■ PROBLEM DETAILS ■
Restate word for word all of the lines below, with each image left out.

■ PROVIDED DATA ■
_ _ _ _ _

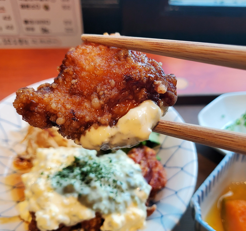 원래 일본의 닭 요리는 좀 짠 편이죠! 거기에 소스에 절여졌기 때문에 다소 짤 수 있어요. 그런데 타르타르소스가 짠맛을 잡아주는 역할을 해주었어요. ㅎㅎ
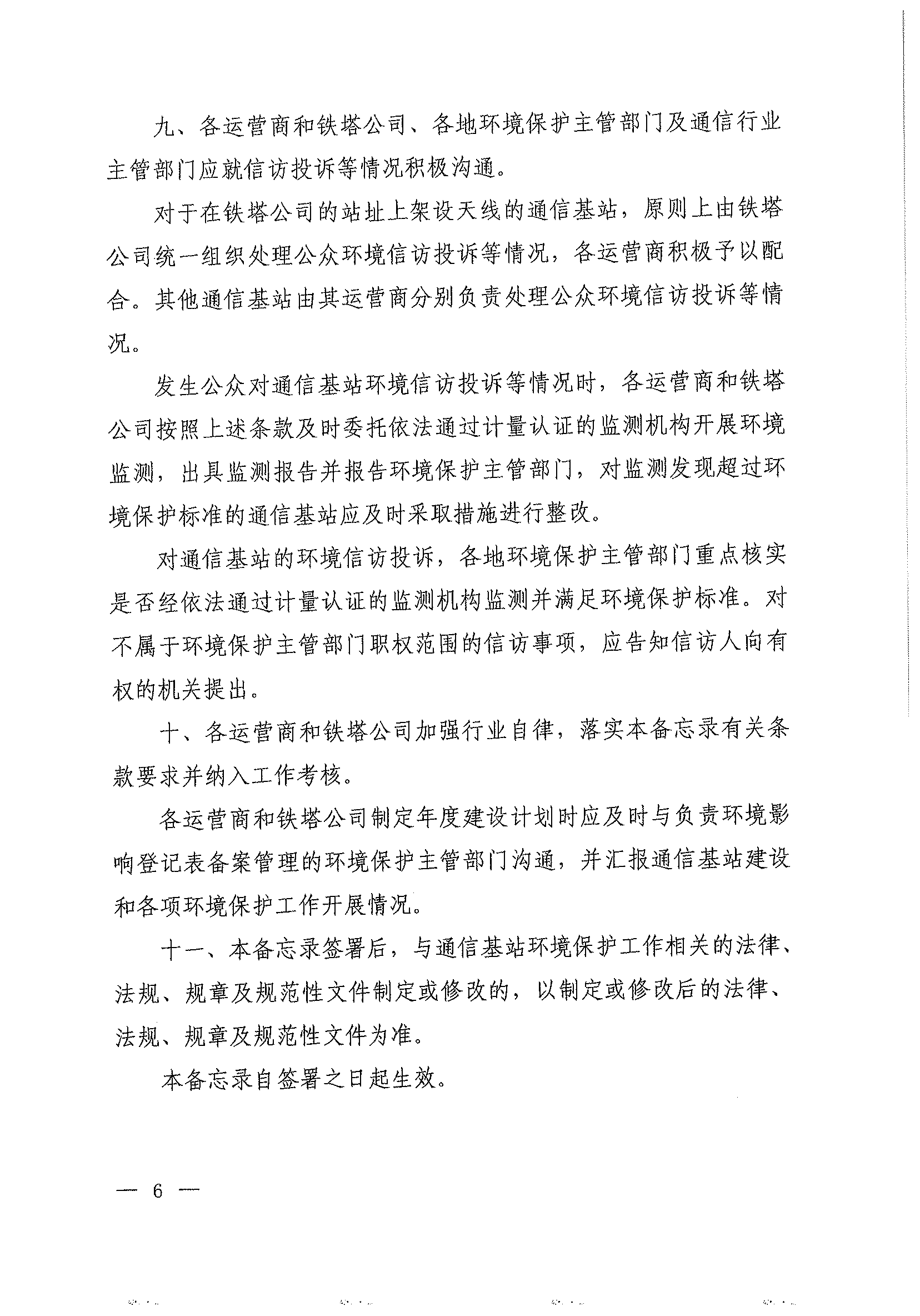 关于印发《通信基站环境保护工作备忘录》的通知正文
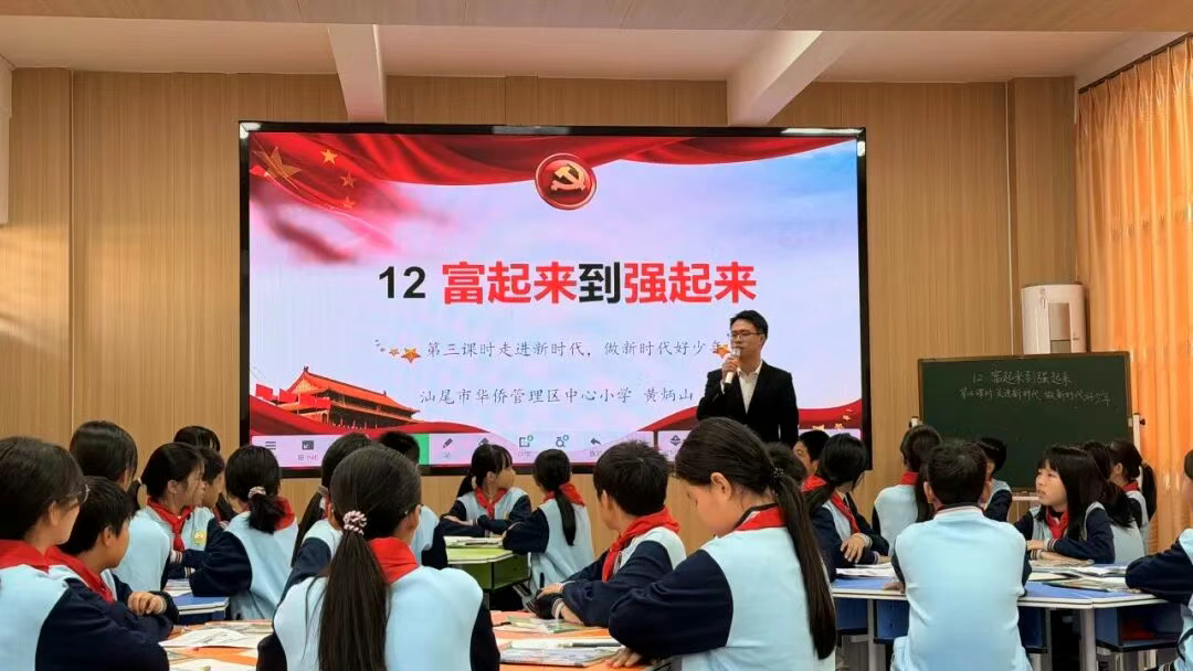 汕尾市华侨管理区中心小学党员教师、汕尾市小学道法学科骨干黄炳山老师,主动发挥党员先锋模范作用,受邀远赴郁南参与研讨交流,以《富起来到强起来——走进新时代,做新时代好少年》为题,呈现了一堂立意高远、形式新颖的精品思政课。

_ _ _ _ _

■ EXPECTED ANSWER ■
 원래 일본의 닭 요리는 좀 짠 편이죠! 거기에 소스에 절여졌기 때문에 다소 짤 수 있어요. 그런데 타르타르소스가 짠맛을 잡아주는 역할을 해주었어요. ㅎㅎ
 关于印发《通信基站环境保护工作备忘录》的通知正文
 汕尾市华侨管理区中心小学党员教师、汕尾市小学道法学科骨干黄炳山老师,主动发挥党员先锋模范作用,受邀远赴郁南参与研讨交流,以《富起来到强起来——走进新时代,做新时代好少年》为题,呈现了一堂立意高远、形式新颖的精品思政课。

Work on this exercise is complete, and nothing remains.